Но Сорока патриотизм летчицы заломал на корню. Не потому что Сорока был человек плохой и родину не любил. Любил! Любил! Но и войны боялся тоже. И в голове своей он все давно нарисовал на случай нападения, мобилизации и прочее. Такими мыслями не поделишься даже с самым лучшим другом, но пребывать в тайном капитулянт-стве в одиночестве было тоже неуютно. Сороке нужен был кто-то, кто не осудил бы его, а понял. Зина была стопроцентно тем человеком. Выводя ее из будущей войны, он делал ее как бы своей соучастницей, хотя на самом деле, по разумению нормальному, не траченному идеологией, поступал Сорока правильно. Девчонка погибала в своем аэроплане, ненавидела его, а сказать стеснялась. Он пошел куда надо и сказал, что берет Зину замуж, потому как он человек порядочный. Зина в первую минуту была в полном охлупении, потому что мысль, что она такая, была для нее столь же невыносимой, что и тошнота в самолете. Но опять же здоровый смысл, помимо верхних, поверхностных чувств, какими бы значительными они ни казались, провел свой тайный и правильный подсчет: выйти за вполне симпатичного Сороку приятнее, чем быть летчицей-мученицей, даже если ради этого придется пройти через стыдливое покраснение лица от возможных намеков. Войны ведь еще не было, и если, не дай Бог, случится, то тогда будет другой разговор. Она комсомолка. Она с понятием. Может, и полетит снова.

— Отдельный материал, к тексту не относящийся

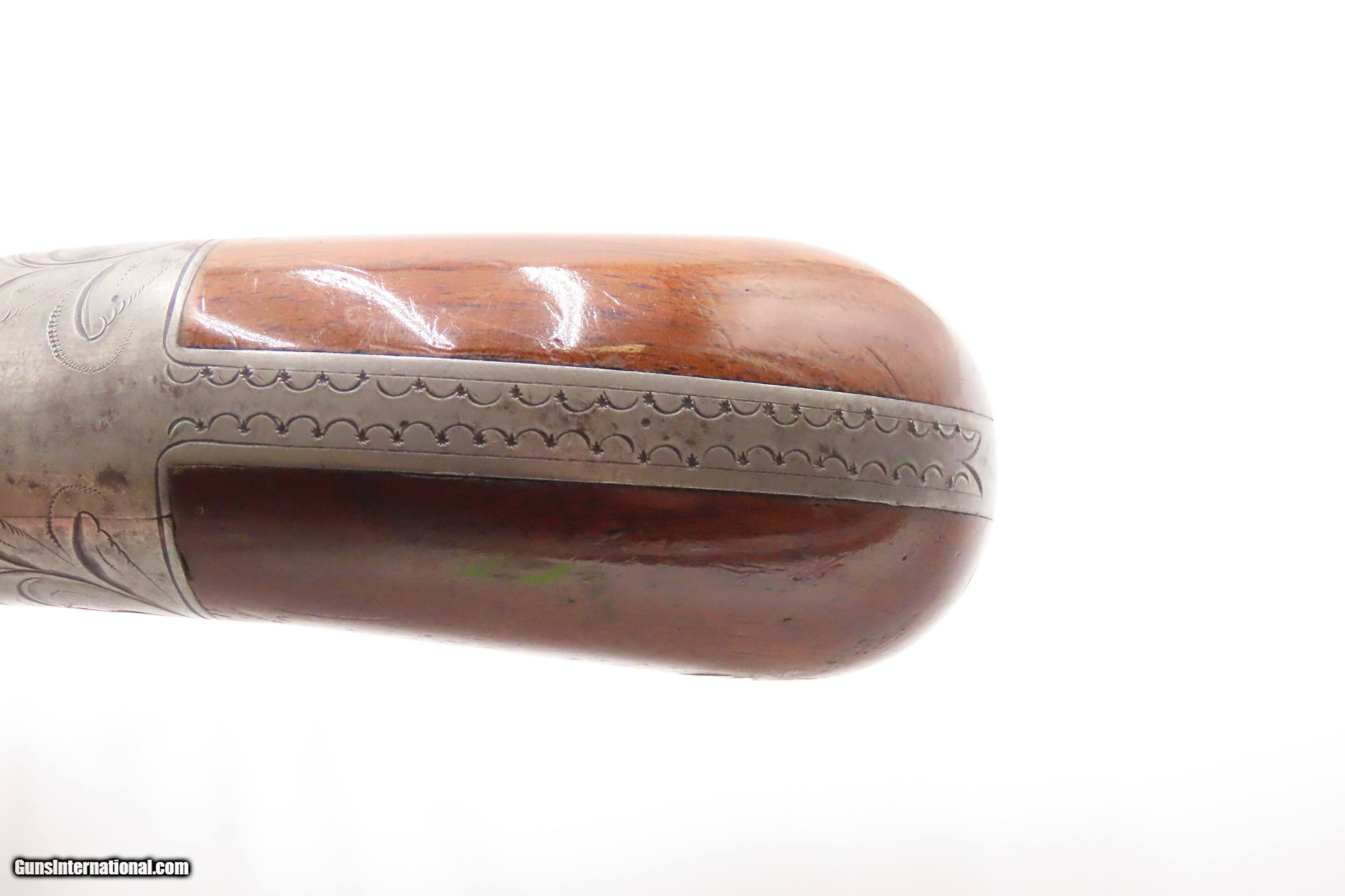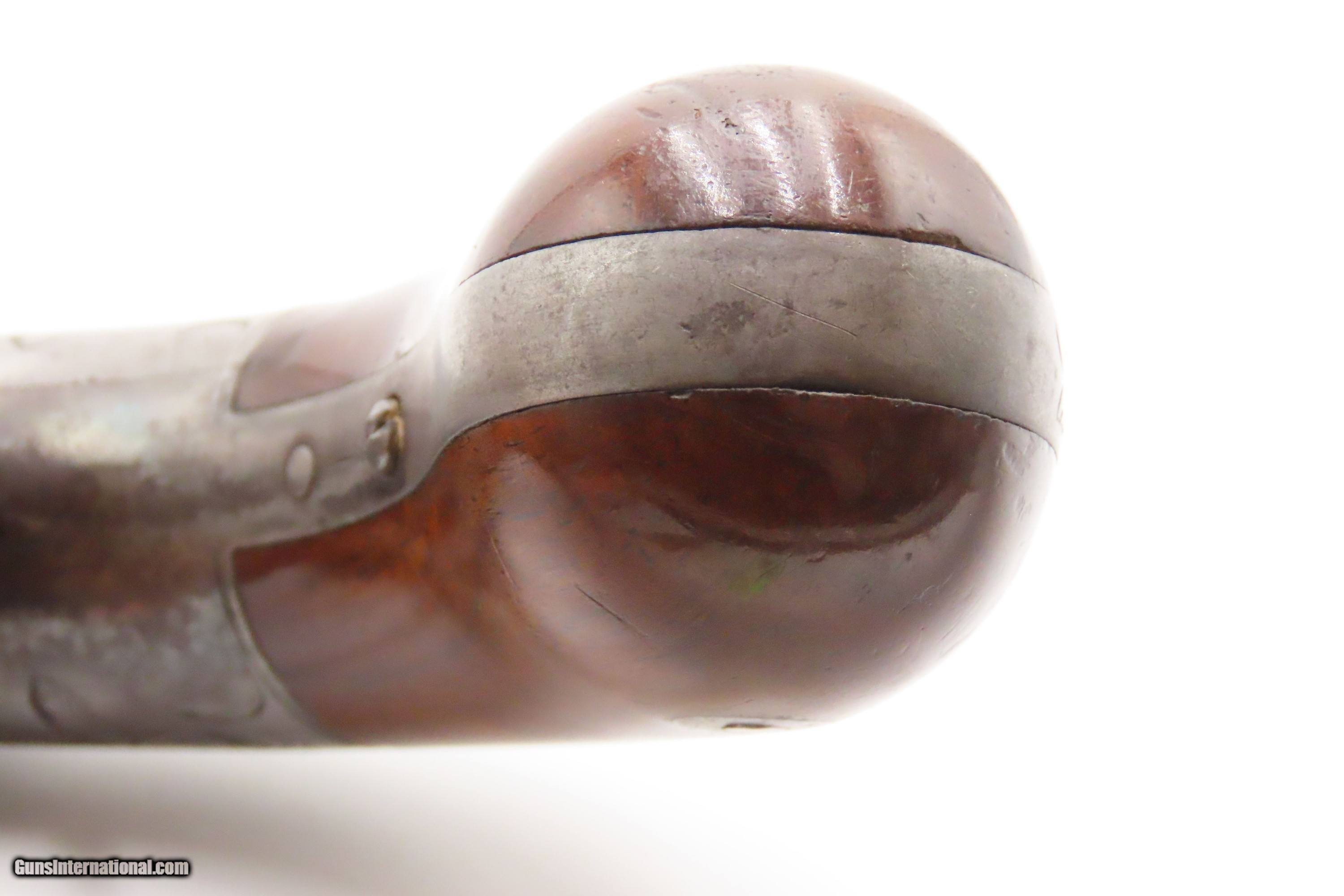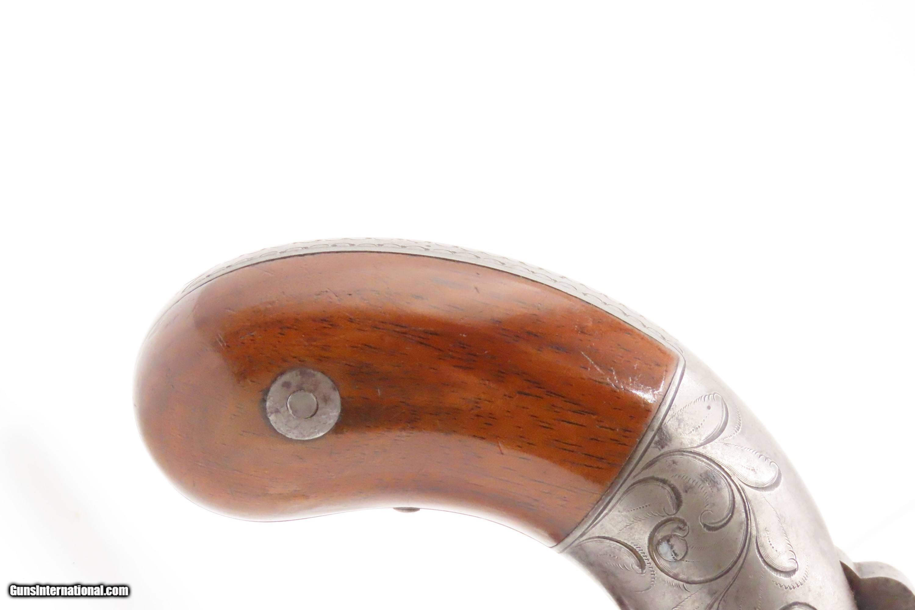 Description: GOLD RUSH Era ALLEN & THURBER Antique WORCHESTER Period PEPPERBOX Revolver ENGRAVED First DA Revolving Percussion Pistol Here we present an antique Allen & Thurber Bar Hammer 6-shot Percussion Pepperbox pistol with accessories made circa 1847 to 1856 in Worcester, Massachusetts. Only six-barrel pepperbox pistols were produced during the Grafton and Norwich periods (1837–1847), and all had smooth barrel external contours until the later Worchester and Allen and Wheelock period, when fluted barrels became the norm. Though this is a six shot, it was during the Worchester period that the five-shot pepperbox was introduced. Percussion nipples were integrated to the barrels. Made with a bar hammer and standard trigger, models have been encountered with or without an integral nipple shield. While simplifying shooting (no manual cocking of the hammer), the bar hammer did preclude the inclusion of usable sights. However, this early example of a double-action pistol must have been quite a selling point. As these were considered “point and shoot” short range defensive weapons or “belly guns”, the market did not seem to object to the limitation of not having sights. Ethan Allen was already a prolific inventor and successful businessman in the 1830s when he came up with this design. This percussion, six-shot, double-action pocket revolver was a very popular pistol that was produced in Worcester, Massachusetts. It’s a 32-caliber pepperbox with a revolving screw off fluted barrel and has factory engravings in a floral motif executed on both sides of the frame. Made from 1847-1856, these pistols enjoyed even greater popularity than Sam Colt’s first pistol. The history that these pistols enjoyed over the years is astounding: the Seminole Wars, Gold Rush, Mexican War and American Civil War. These guns are true relics of American history. The overall condition is good. Traces of original blue are present on the frame. The action partially functions, but the cylinder must be manually rotated. Engraved frame. Solid grips. Good bores for their ages. Markings are legible. Both the mold and powder flask are in good shape. Own the original! This is a legitimate antique and not a reproduction. Barrel is 3-1/2 inches. Caliber: .32 Percussion Overall condition as seen in photos. Very Fast. Very Safe. FREE SHIPPING WORLDWIDE. Delivered directly to your door by express mail! Guaranteed AUTHENTIC & Includes CERTIFICATE OF AUTHENTICITY. ancestryguns $1100 #247828 SOLD Antique: Yes |

Они и поженились. А когда уже загрохотало на самом деле, Сорока в два часа устроил им эвакуацию, а себе белый билет на туберкулезной основе. К тому времени Зина уже понимала: муж у нее мужик непростой. Иногда хотелось вникнуть, нырнуть как бы в глубину сорокинской сути, но что-то ее останавливало. «Не хочу знать!» — говорила она себе и была очень и очень права. Потому что чем дальше, тем больше любил ее за это Сорока. «Какая женщина!» — думал он о собственной жене, когда она мимо глаз пропускала все его шашни, гульки, а то и просто распутство, в которое Сорока время от времени впадал, как в грипп. В последние годы, когда они выстроили дом, когда женили сына, когда зацвели во дворе у Зины все невероятные цветы, Сорока просто с катушек полетел — ширинка у него уже не застегивалась, а бабы вспархивали из-под него, как вспуганные курицы, так вот даже тогда Зина величественно и индиферентно к сорокинским страстям носила свое необъятное тело. Пусть его… Он все равно приходил и угревался рядом, и она придавливала его своей могучей рукой, а он, в каком бы ни был состоянии, целовал эту руку, покусывал ее губами, урчал, так и засыпая с причмокиванием. Зина лежала в темноте и улыбалась. Она знала мужа как облупленного, хотя никогда не лезла к нему ни в душу, ни в карман. Этот мужчина, придавленный ее рукой, был главным Сорокой. Случись что с ней, ему без нее не выжить…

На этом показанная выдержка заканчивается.